Dessert begins in about ten minutes. Why not hop in your car and come over?
Just you. Alone.
Anything wr
ong?
Not really. A sudden need for air. Amy’s in one of her grand snits, the guys are talking football, and I’m hankering to see you.
That’s nice, hankering.
I don’t think I’ve ever used that word before, not once in my whole life.

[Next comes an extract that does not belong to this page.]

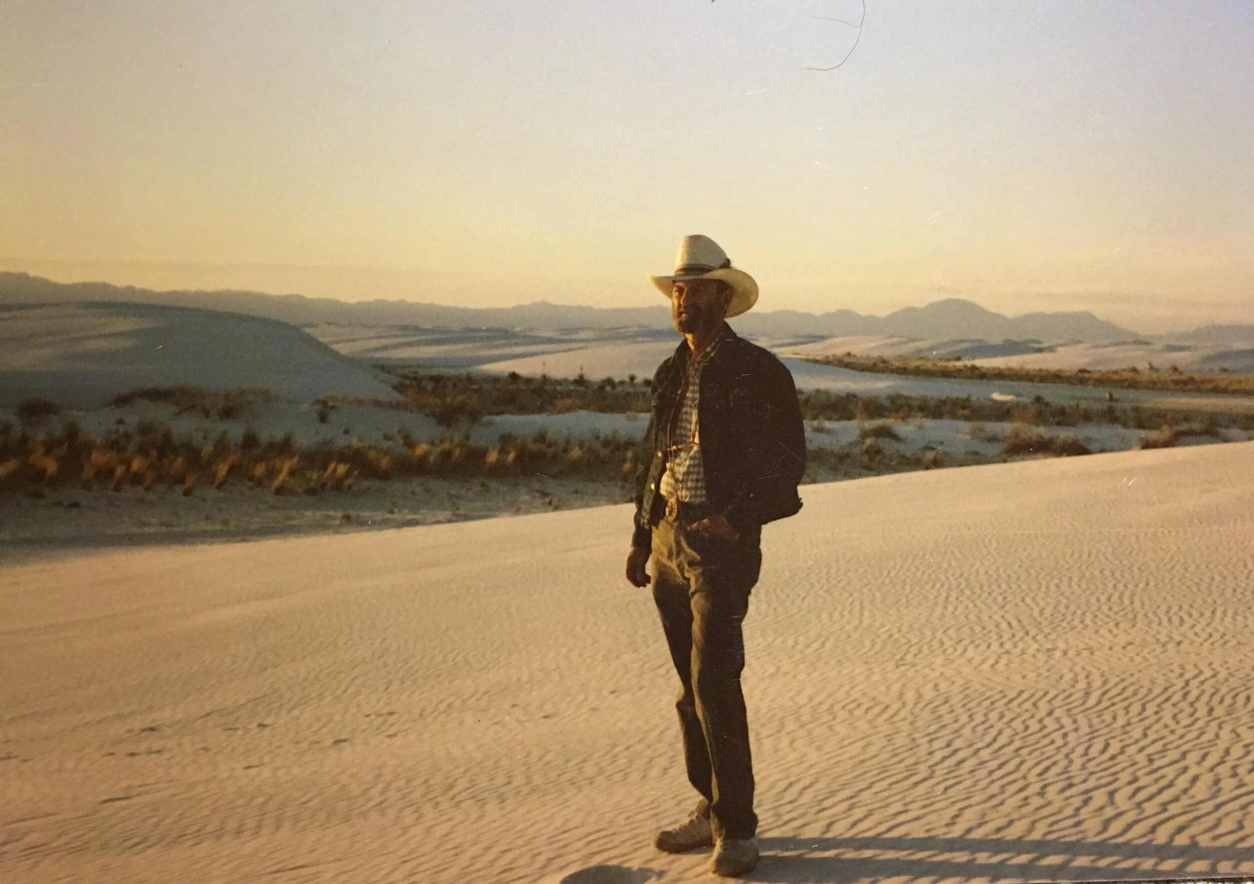 One of my favorite photos of my dad, is of him standing on a dune at White Sands National Park. The sun is casting a vintage golden glow creating a magical ambiance and producing an appearance of being in another world. In the photo he doesn’t look the same as I remember. He’s a little more handsome, hip and relaxed than the man I call dad.

Nancy has a headache, and George seems to be coming down with the flu, so I doubt this thing will go on much longer. I should be home in about an hour.
You don’t mind?
No, of course not. I’d love to see you.
Good. I’ll be at your place in an hour.
It was no secret that they were fond of each other, that the eighteen-year-old Ferguson and the thirty-one-year-old Evie Monroe had long since moved beyond the teacher-student formalities of the classroom. They were friends now, good friends, possibly the best of friends, but along with their friendship there had been a growing physical attraction on both sides, which had remained a secret to everyone, even to themselves at first, the unbidden lustful thoughts that neither one of them was prepared to act on out of fear or inhibition, but then came the disinhibiting effect of one too many scotches on a Thursday night in mid-August, and from one moment to the next the tamped-down flames of their mutual attraction combusted into a savage necking binge on the sofa in the downstairs parlor, the love play that was interrupted in mid-squeeze by the ringing doorbell, a notable event not only because of its ferocity but because it had taken place during the time of Ed, albeit toward the end of the time of Ed, and now that Ed was gone and Dana Rosenbloom was gone and Celia Federman was no more than a figment on the far horizon and neither Ferguson nor Evie had touched anyone for longer than he or she cared to remember, it seemed almost inevitable that they should want to touch each other again on that chilly Thanksgiving night. No alcohol was necessary this time. Ferguson’s unexpected use of the word hankering had thrust them back into a memory of that Thursday evening in August when the thing they had started had not been finished, and so it was that when Ferguson arrived at Evie’s half of the two-family house on Warrington Place, they went upstairs to the bedroom, gradually removed their clothes, and made a long, happy night of finishing off what they had started at last.